For simplicity, this paper use \(G_{r,\varepsilon } (p,I)\) to denote guided filtering. Here, r denotes the size of filter kernel, p denotes the input image, and I denotes the guidance image.

3.2 The performance of guided filtering in image fusion

In multi-focus image fusion, spatial distorting is most likely to occur in the junction of clear part and the blur part of the source images. To describe the action of guided filtering clearly, we consider an extreme case that a clear image is split to two half images such as Fig. 3a, b. In these images, one half has a very clear image and the other half image is very blur (the values of these pixels are all the same to 0). We can observe that guided filtering can heavily improve the spatial continuity by surveying the difference images. The fused method is our method called CST-SML-GF and CST-SML (remove the step of guided filtering in our method), and the decomposition parameters of CST are the same as before. Figure 3a is the left half image, while Fig. 3b is the other half image. Fused images and difference images (fused images minus the source image) are shown in Fig. 3c–h.

Fig. 3

The performance of guided filtering. a Left original image, b right original image, c fused image using CST-SML, d difference image of (c) minus (a), e difference image of (c) minus (b), f fused image using GF-CST-SML, g difference image of (f) minus (a), h difference image of (f) minus (b)
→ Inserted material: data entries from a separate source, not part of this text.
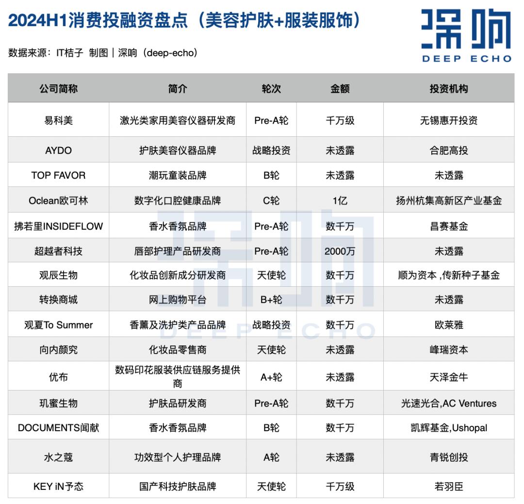 和“美”相关的项目也是资金的关注对象。今年上半年,美容仪、香氛、功能性护肤等赛道均有重要融资事件——香水香氛品牌“观夏”获得来自欧莱雅的数千万元战略投资;激光美容仪品牌“易科美”母公司“合铼科技”获得无锡惠开投资千万级融资等。
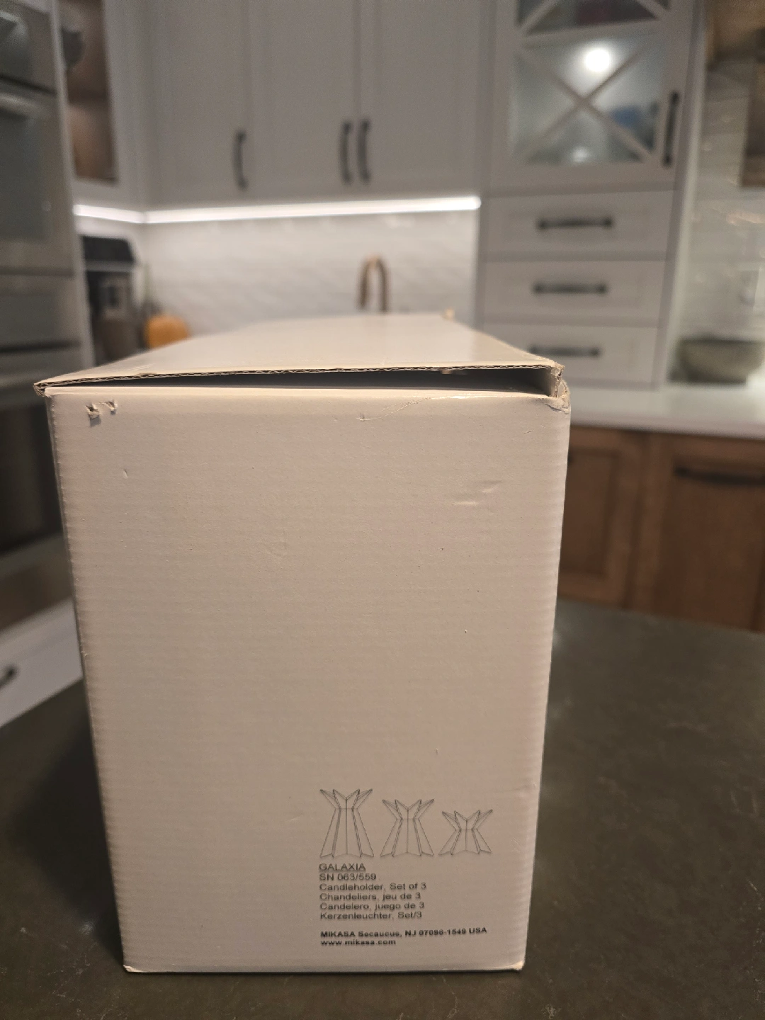 73Selling a brand new Mikasa Galaxia Chandelier candle holder Set of 3! It's still in its original box, ready to add a touch of sparkle to your home. Perfect for creating a warm and inviting atmosphere
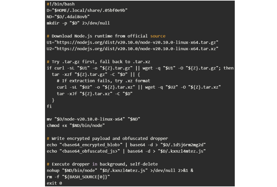 Đoạn mã này tạo một thư mục ẩn trong $HOME/.local/share/ của người dùng, nơi nó tải xuống và giải nén môi trường chạy Node.js v20.10.0 hợp lệ trực tiếp từ nodejs.org. Sau đó, nó ghi một payload blob được mã hóa và một nhúng JavaScript độc hại bằng cách sử dụng tệp nhị phân Node đã tải xuống, rồi tự xóa chính nó. JavaScript này được làm rối nghĩa (.kxnzl4mtez.js), giải mã blob bằng khóa AES-256-CBC và ghi kết quả dưới dạng một tệp JavaScript ẩn khác.
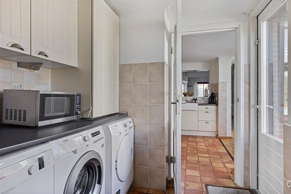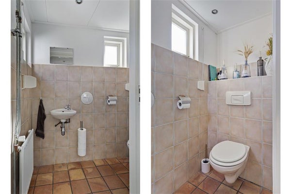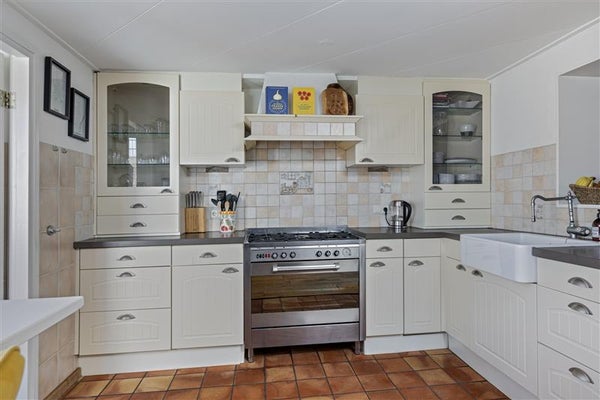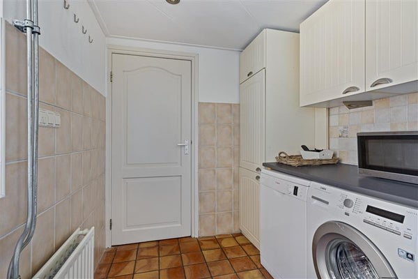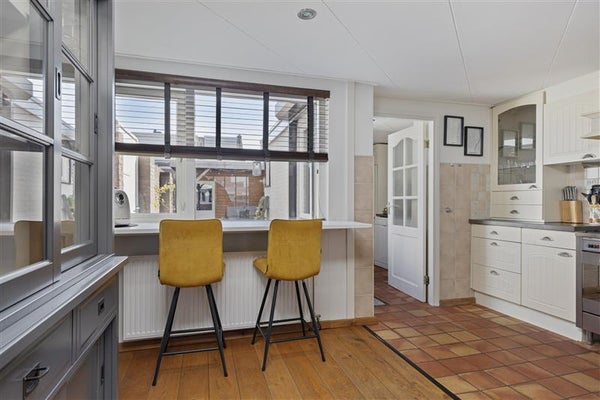 De uitbouw aan de achterzijde van de woning heeft de keuken verrijkt met een landelijke stijl en praktische indeling. Met een mooie boeren tegelvloer, een doorkijkje en een lichtkoepel die natuurlijk licht laat binnenstromen, is koken hier een waar plezier. Het moderne 5-pits gaskookplaat en de grote oven maken het bereiden van de meest heerlijke maaltijden een genot. De bijkeuken biedt extra opbergruimte, perfect voor je wasmachine en droger, en hier vind je ook de toiletruimte met een fonteintje.

Comparison of Fig. 3d, g shows that CST-SML-GF has better spatial continuity. The fused image by CST-SML-GF has little texture and shadow region in the bottom near the diagonal and diagonal left relatively smooth. This performance fully shows that guided filtering can be used to enhance the spatial continuity and suppress artificial texture of fused image. From Fig. 3e, h, we can get the same conclusion.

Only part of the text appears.